Comparing the Pattern matrix of the oblique rotation against that from orthogonal rotation, it can be seen that the pattern is simpler, with the loading coefficient more polarised towards or away from 0 after oblique rotation. The Structure matrix also shows that the correlation between a variable and the factor it dominates is greater, further clarifying the overall structure.

.	F_1	F_2	F_3
F_1	1.00	0.13	-0.26
F_2	0.13	1.00	0.14
F_3	-0.26	0.14	1.00

The oblique rotation allows the factors to be correlated, and the table to the right shows the correlations between the factors.

In a complex and large Factor Analysis, the correlation matrix between the factors are subjected to further Factor Analysis, resulting in factors at a different hierarchical level.

An example is the development of a measurement for intelligence, the IQ Test. Many tests of abilities are analysed into factors of reading, arithmatic, and other basic skills, each a factor in a specified ability set. As skills tend to overlap, these factors are correlated, and the correlation matrix analysed at the next level into literary, numerical, abstract thinking skills, and so on. These also correlate, so additional Factor Analysis are carried out until the highest level of measurement, the IQ.

Orthogonal, Oblique, or both

The decision to use orthogonal or oblique rotation must primarily be determined by the theoretical construct underlying the exercise.

For example, in the development of the IQ Test to measure intelligence, it was clearly recognised that mental abilities in different activities inevitable overlap, and that whatever the test devise, the result will be influenced by more than a single skill. A model based on oblique rotation is a very logical approach to this problem

On the other hand, to develop a measurement for quality of a health care worker will recognise that the measurement is an umbrella under which a whole range of independent attribute such as diligence, intelligence, empathy, knowledge, manual skills, and so on contribute, mostly independent of each other. The model to develop such a set of measurements is more likely to use orthogonal rotation, so that areas of strength and weakness can be more clearly identified.

Where there is no guidance from theory, often both are tried to see which results in a better outcome. The question is then which one should be tried first.

One model is to recognise the theoretical advantages of having factors that are independent and uncorrelated with each other, so the orthogonal rotation (Varimax) is tested first. Only if an acceptably simple structure cannot be achieved, with too many variables have high loadings across multiple factors, should orthogonal rotation be abandoned, and the oblique (Oblimin) rotation used.
The other model is to recognise that, in any single Factor Analysis exercise, the object is to create a simplified structure encompassing many related and overlapping constructs, that correlations between variables and factors are inevitable, and that the priority should be given to creating as simple a structure as possible, where each variable loads high on only one factor, and low on all other factors.
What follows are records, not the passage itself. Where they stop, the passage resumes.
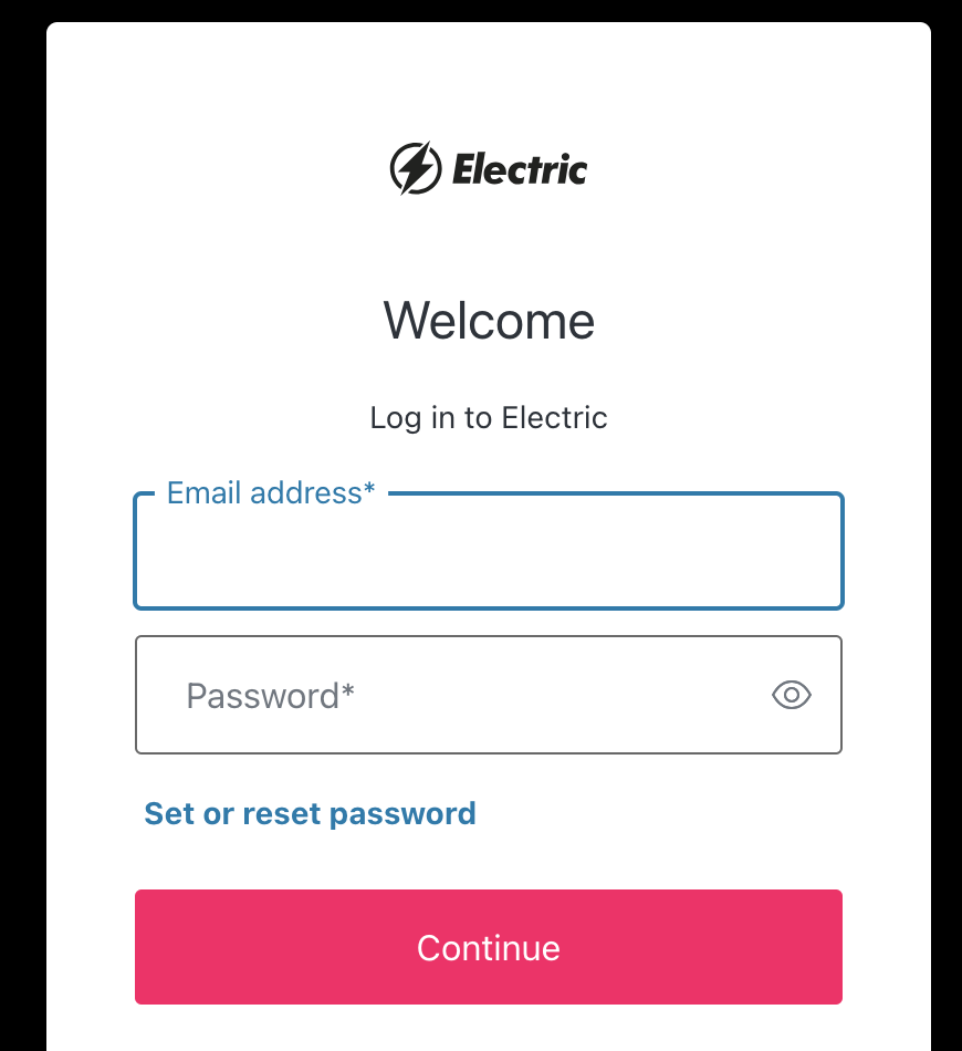 If this is your first time ever logging into Electric, click “Set or reset password” in the blue link text to set up an account when you arrive in the browser.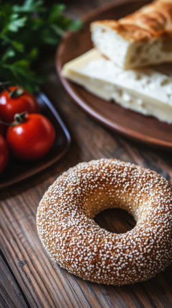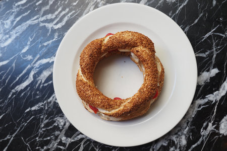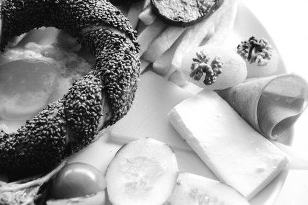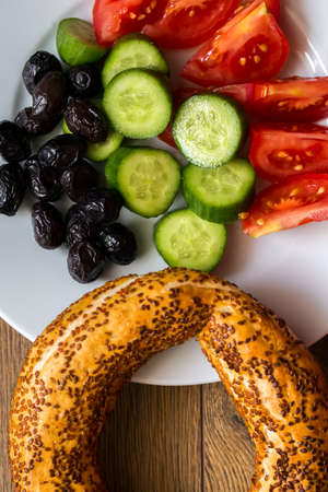 Traditional Turkish breakfast with Turkish bagel with cheese and tomatoes (Turkish name; bagel or crispy)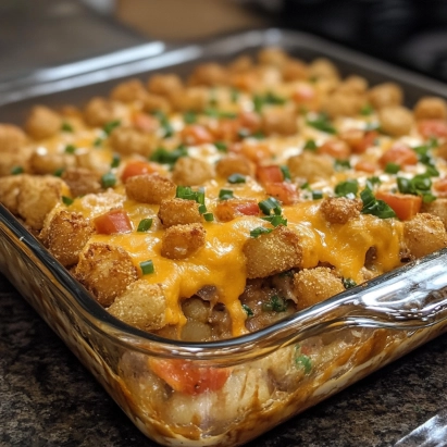 6. Bake for 25-30 minutes, or until the tater tots are golden brown and crispy.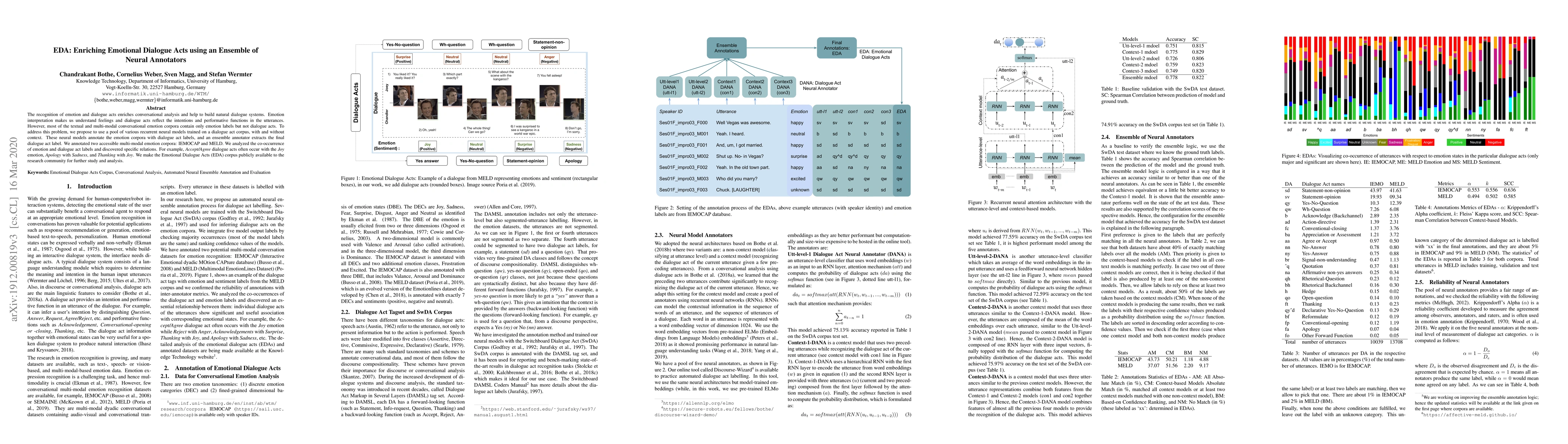 This paper proposes an ensemble of neural models to enrich multi-modal emotion corpora with dialogue act labels, addressing the lack of such annotations. The study analyzes the co-occurrence of emotions and dialogue acts, revealing specific relational patterns, and releases the enriched Emotional Dialogue Acts (EDA) corpus for further research.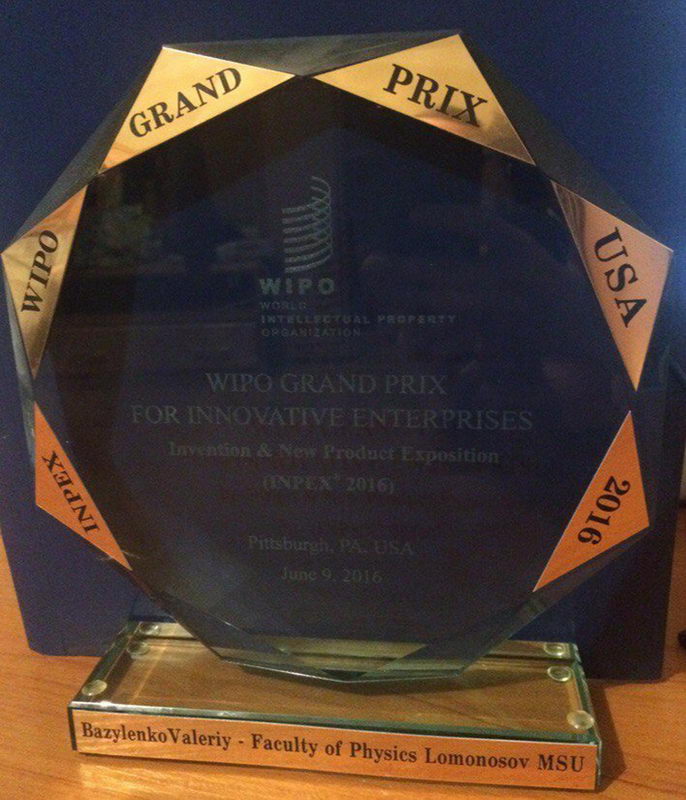 В июне 2016 года в г. Питтсбурге, США, состоялась крупнейшая 31-я Международная выставка изобретений и новой техники INPEX-2016, организуемая Всемирной Организацией Интеллектуальной Собственности WIPO, являющейся структурным подразделением ООН (таким же, как ЮНЕСКО или МАГАТЭ), объединяющей 187 стран и около 250 неправительственных организаций. Российская экспозиция формировалась Министерством образования и науки РФ, которая выбрала работу нашего коллеги действительного члена Международной академии авторов научных открытий и изобретений, к.ф.-м.н. Базыленко В.А., вошедшую в 2010 году в перечень «Сто лучших изобретений России». Суть работы — создание способа оптическими методами защиты от подделок и контроля подлинности ценных бумаг и изделий с использованием лазера и различных наноструктурированных материалов для записи и чтения скрытно нанесенных специальных защитных нанометок. Работа была награждена хрустальным Гран-При WIPO, а также Золотой медалью и Дипломом Минобрнауки РФ. Физический факультет также был награжден Дипломом Минобрнауки РФ «За активное участие в работе Российской экспозиции и высокий научно-технический уровень, представленной разработки».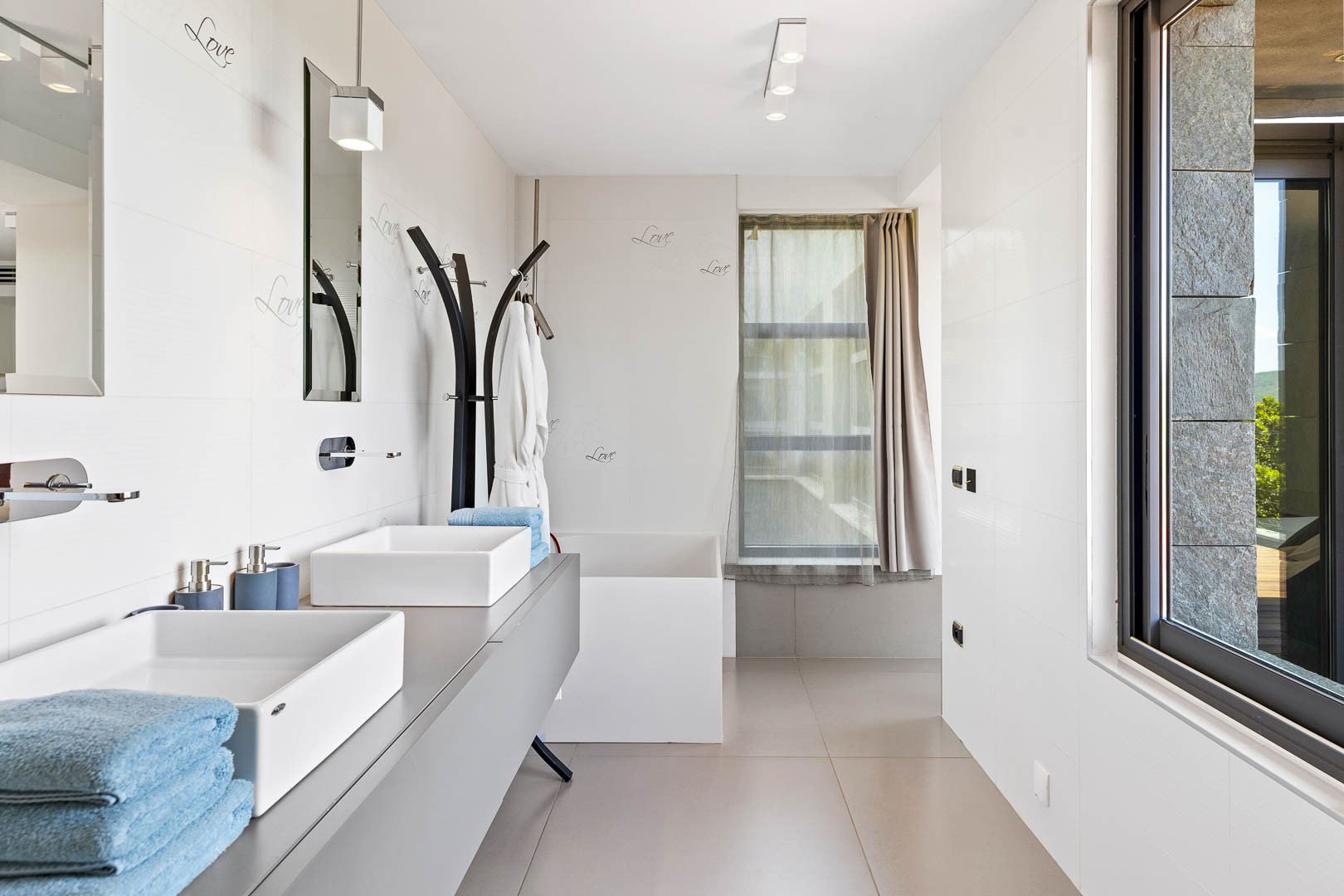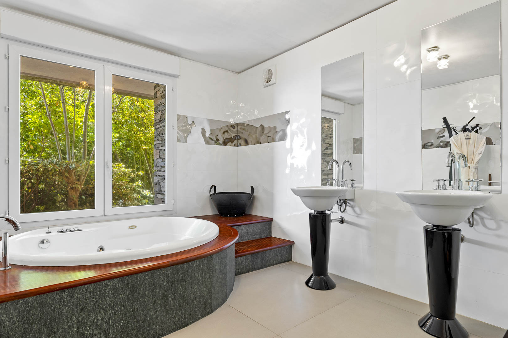 Chambre double 20 m2 avec vue mer, accès terrasse, lit 160 et Salle de bain en suite avec baignoire, lavabo double, wc

In this scenario, the oblique (Oblimin) rotation is tried first, and the correlation matrix between the factors examined. Only when the correlation coefficients between factors are so low as to be negligible, should the orthogonal rotation be used.
The algorithm in the Factor Analysis - Factor Rotation Program Page performs both rotations, allowing users to inspect and select the one more suitable to their needs.

In many cases, particularly in exercises using the Principal Component Analysis, the purpose of Factor Analysis is to create a multivariate instrument of measurement that can be used clinically with future data. An example is the Factor Analysis used to develop a measurement of depression.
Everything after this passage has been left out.